Enguirlandés par des citoyens, cibles de commentaires désobligeants et de blagues aigres sur la corruption, les employés de la Ville de Montréal ont le moral plutôt bas depuis un mois.

Alors que se multiplient les révélations devant la commission Charbonneau sur des centaines de milliers de dollars versés en pots-de-vin à des fonctionnaires, «ce sont ceux qui ont affaire au public qui doivent défendre la Ville», déplore Alain Fugère, président du syndicat des fonctionnaires municipaux de Montréal, qui regroupe quelque 10 000 cols blancs.

«Il y a beaucoup de sarcasmes, de jokes plates, surtout quand les gens viennent payer une facture ou une amende, dit le président. C'est sensiblement partout pareil: tout le monde trouve ça aberrant, de voir les millions de dollars envolés alors que le commun des mortels travaille dur.»

Un surveillant de chantier a confié à La Presse qu'il a droit au même traitement. «On est surtout la cible de blagues sur les enveloppes brunes. Pour ma part, je n'ai pas encore reçu de commentaires désagréables.»

Si la situation est agaçante, elle n'est pas explosive: jusqu'à maintenant, les cols blancs n'ont pas fait état de menaces ou d'intimidation grave. «Je n'ai pas été avisé de situations corsées où il a fallu appeler la police», dit M. Fugère. Mais il l'avoue d'emblée, le moral des troupes n'est pas à son mieux, et il sent lui aussi le «vent de morosité» dont a parlé en entrevue à La Presse le directeur général de la Ville, Guy Hébert. «Quand vous croyez à ce que vous faites, que vous être d'un professionnalisme total et que vous voyez tout l'argent qui a été jeté par les fenêtres, vous vous dites: «Je suis géré par des gens comme ça?» Ce n'est pas agréable.»

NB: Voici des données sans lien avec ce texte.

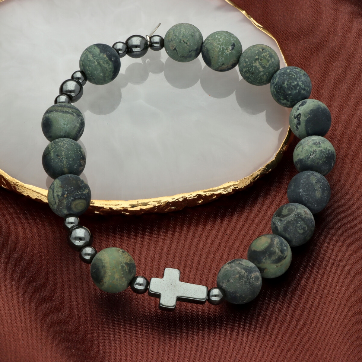 Różaniec na rękę męski, wykonany ze stali szlachetnej i kamieni naturalnych (hematyt, jaspis zielony Kambaba). Wielkość kamieni: 10 mm Zestaw w eleganckim pudełku i z sakiewką GRATIS.
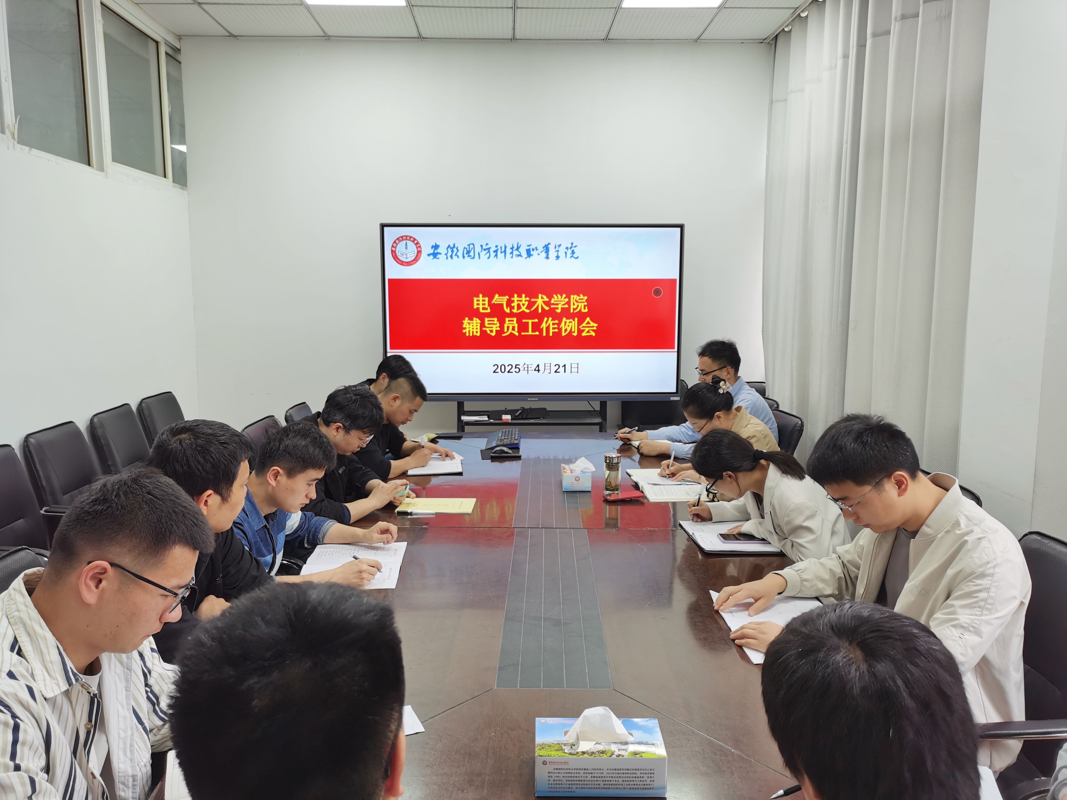 本网讯(电气技术学院 申晓伟)4月21午,电气技术学院召开辅导员工作例会。学院党总支副书记张丽主持会议,全体专兼职辅导员参加会议。
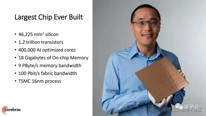 芯片面积最大:尺寸约20厘米×23厘米,总面积46,225平方毫米。面积和一块晶圆差不多。
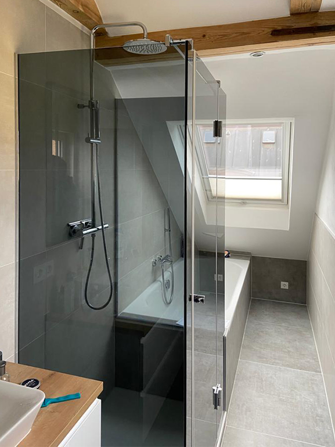 Grundsätzlich kann eine Ganzglasdusche in den meisten Badezimmern installiert werden. Es ist jedoch wichtig, den verfügbaren Platz und die vorhandene Badezimmerkonfiguration zu berücksichtigen. Eine maßgeschneiderte Lösung ist sinnvoll, um die Ganzglasdusche optimal anzupassen. Siehe z.B. auch Dusche unter der Dachschräge.
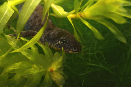 A closeup of an aquatic female Greek alpine newt, Ichthyosaura alpestris veluchiensis, hiding among the water weeds
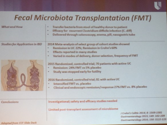 Our local CCFA chapter provided a useful physician CME meeting. The following are my notes/picutres. My notes may include some errors in transcription and errors of omission.
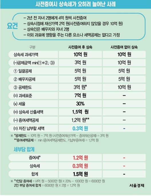 내용: 자녀가 기존 아파트를 소유하게 되면 보유 주택 수가 늘어나고 세금도 부담되기 때문에 사망 후 법정 지분에 따라 아파트를 상속받는 것이 좋습니다. How 현재 가치가 오를 수 있는 부동산을 기부한 만큼, 현금 자산을 모두 즉시 증여하기보다는 그 중 일부를 자녀가 앞으로 납부해야 할 상속세 재원으로 활용하는 것이 좋습니다. 상속세가 부담되는 것은 당연합니다. #상속세 #부동산증여 #재산공제 증여 #선불증여 #절세전략 #선불증여 세대 생략 #재산 상속
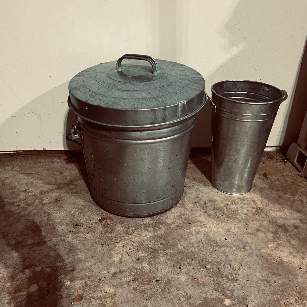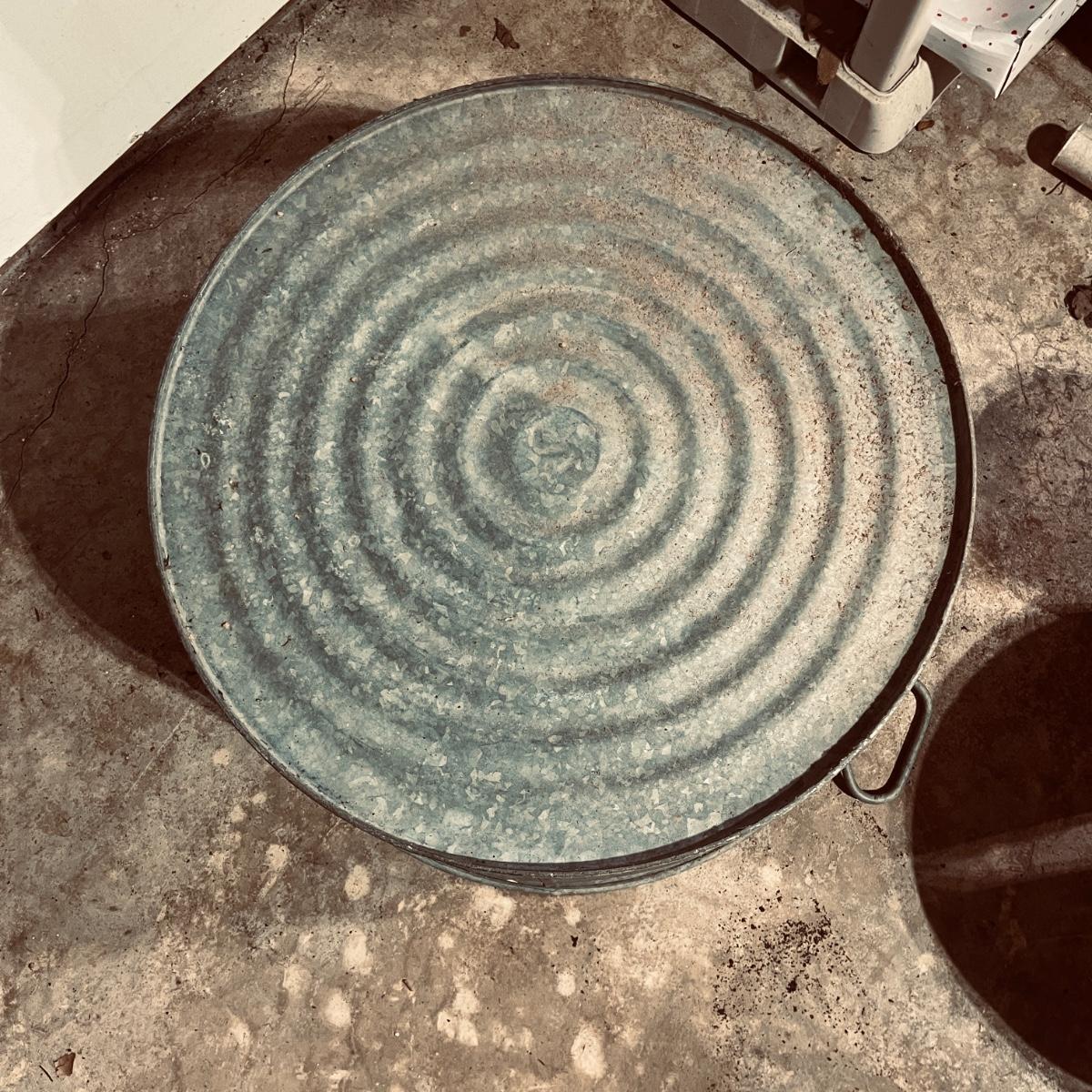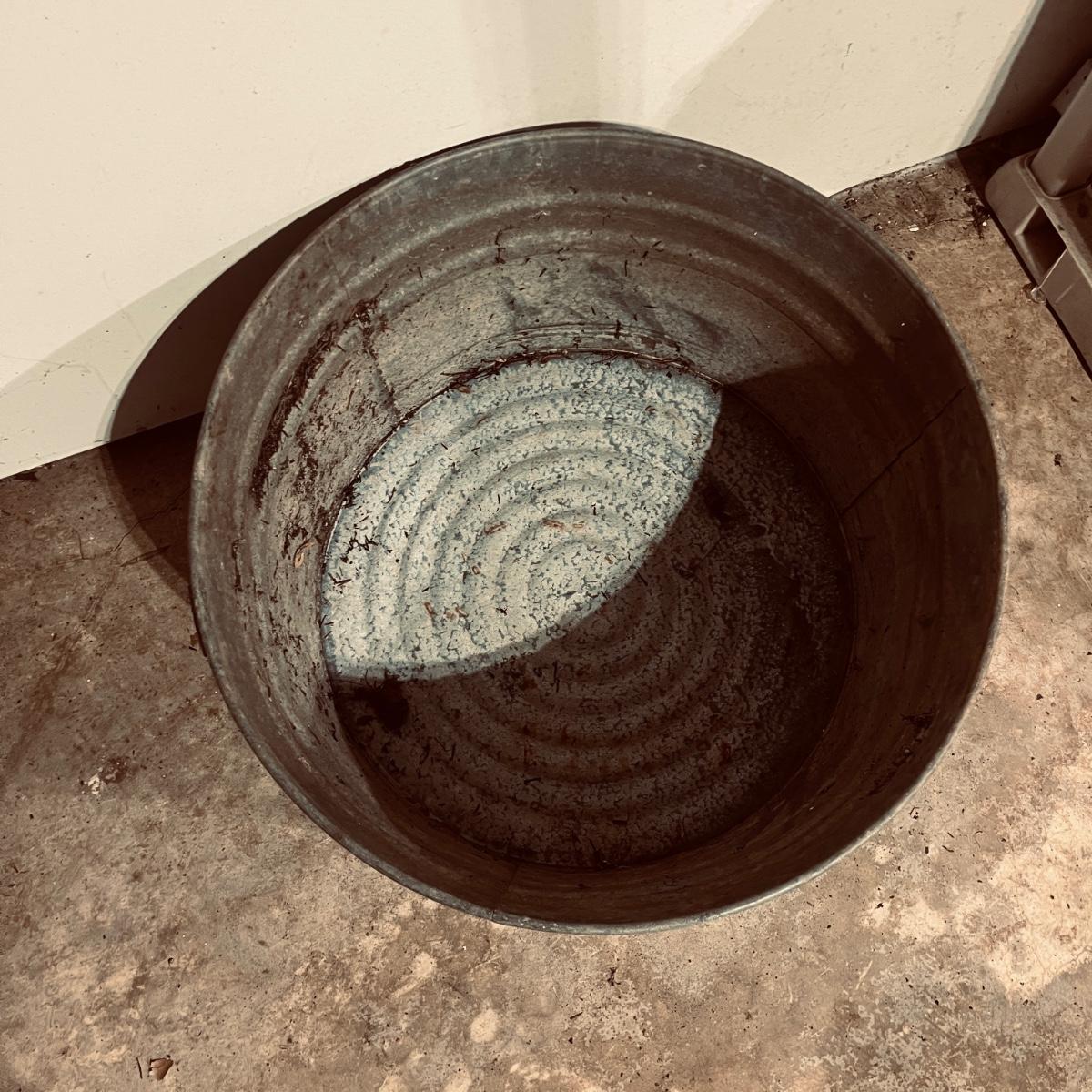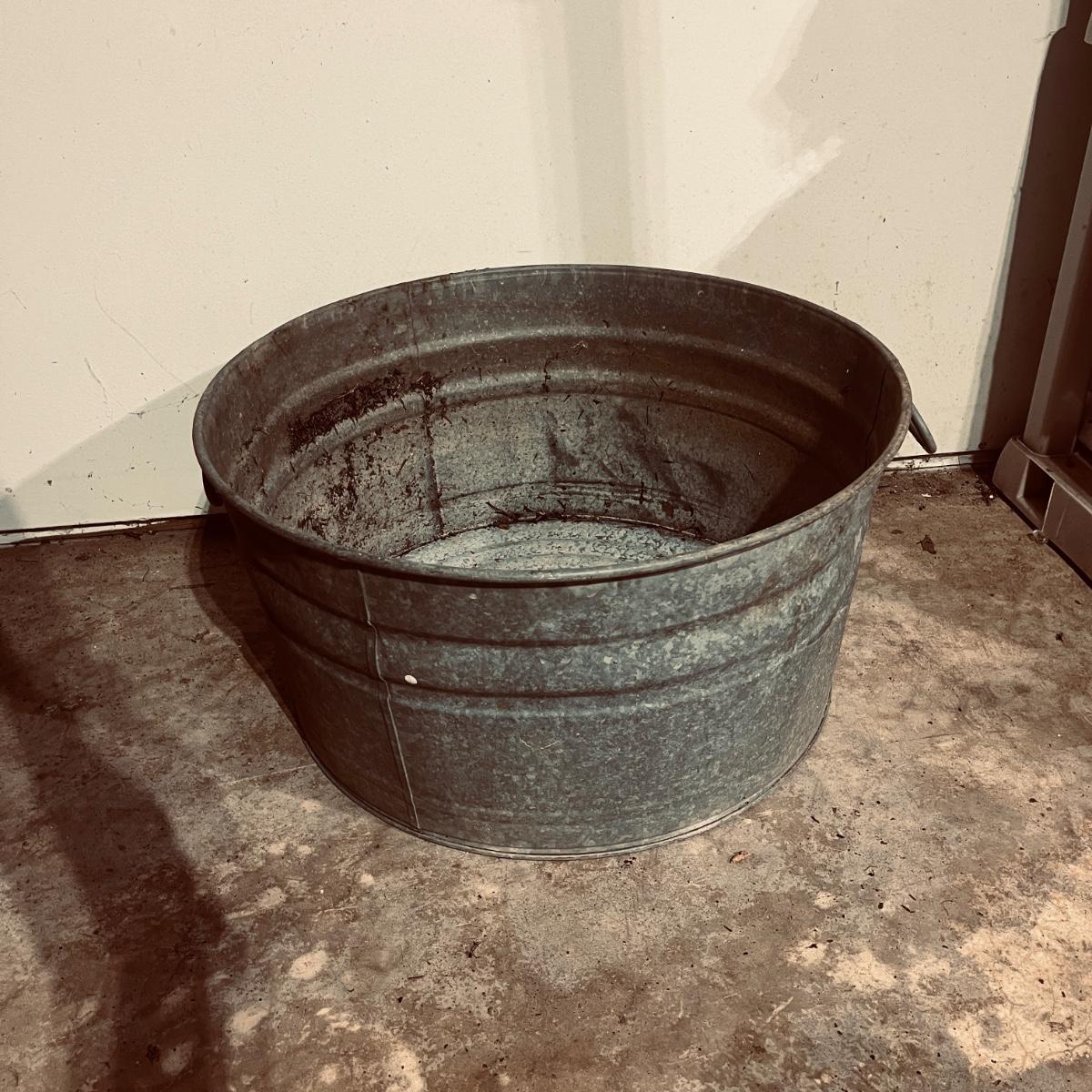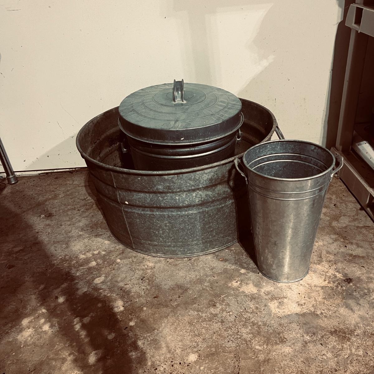 Lot includes a galvanized washtub, French bucket and a small garbage can with lid that has a hole in the bottom, see pictures. Washtub measures 21.5”D x 11”H.
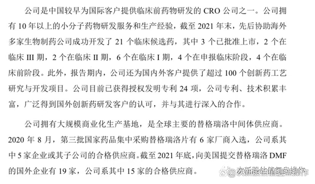 公司是一家新药研发以及商业化生产一站式综合服务商,致力于药物发现,制药工艺的研究开发以及原料药中间体的商业化生产,公司新药研发服务涵盖临床前新药研究的全过程,主要包括药物发现和工艺研究与开发服务。医药中间体公司,报告期内业绩保持快速增长,新药研发环境不断改善,药物审评加速,国内CRO市场快速发展,未来有一定的相信空间,注意的是与同行业相比,公司的营收规模和技术水平以及毛利率都没有优势,盘子不大,给予申购建议。
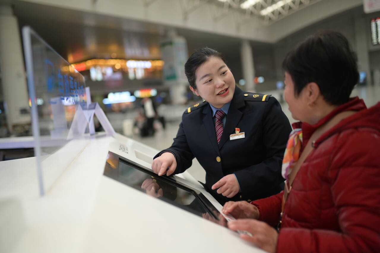 有一次,一個沒趕上車的旅客急匆匆跑到服務臺,讓李軍提供一個最快的改簽方案。因為業務不熟練,李軍手忙腳亂,師傅看到后迅速支援,三下五除二就辦好了改簽手續。
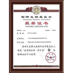 Passed the certification of ISO9001:2005 ,CE, the company also has been certified as “High-tech Enterprises of Guangzhou Province”, we have more than 60 patents,which include 12 invention patents.Also our machine got the International Technical Gold Medal.
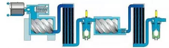 ● 10%空气通过卸荷阀-低压转子-中冷-高压转子,排气消音器-吹干系统内滞留的潮湿水汽。
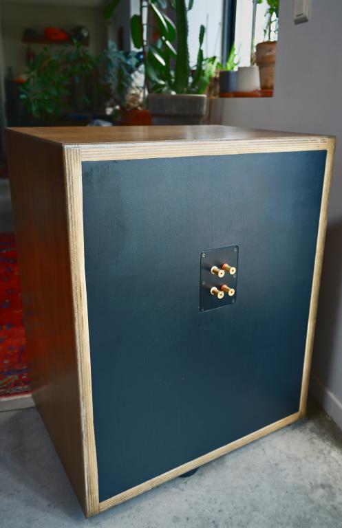 Constructed from 30mm plywood with a walnut veneer, horn machined from a solid block using CNC machining (originally from Athosaudio).

La collusion et la corruption qui s'étalent actuellement au grand jour ont été rendues possibles par des décisions politiques douteuses, croit M. Fugère. «On élimine des fonctionnaires et des services, et on hausse les taxes. On s'en va vers un mur quand on agit comme ça.»

Comme Guy Hébert l'a fait plus tôt cette semaine, le président de syndicat rappelle que la corruption ne touche qu'une «infime minorité» des 29 000 employés de Montréal. Les représentants syndicaux et le directeur général ont d'ailleurs publié une lettre ouverte dans les quotidiens de la métropole, hier.

«Collectivement, nous subissons les contrecoups des gestes répréhensibles posés par quelques personnes, écrivent-ils. Tout comme vous, nous sommes citoyens et payeurs de taxes et à ce titre, nous voulons une gestion saine, honnête, intègre et efficace des fonds publics.»

Les cols bleus vus en héros

Étonnamment, du côté du syndicat des cols bleus, on fait le constat inverse: ses membres n'ont jamais été aussi populaires auprès des citoyens. «Les cols bleus se font féliciter, on leur dit: «Lâchez pas!», dit le président, Michel Parent. Ils se font dire que, dorénavant, on doit confier les travaux à l'interne plutôt qu'au privé.»

Lui aussi déplore le vent de privatisation qui a soufflé sur la Ville à partir des années 80. Il rappelle que, à la fin des années 70, Montréal comptait plus de 12 000 cols bleus, alors qu'ils ne sont aujourd'hui que 4250. «Et la Ville est aujourd'hui plus grande qu'à l'époque. Ce sont les deux tiers du travail des cols bleus qui ont été transférés.»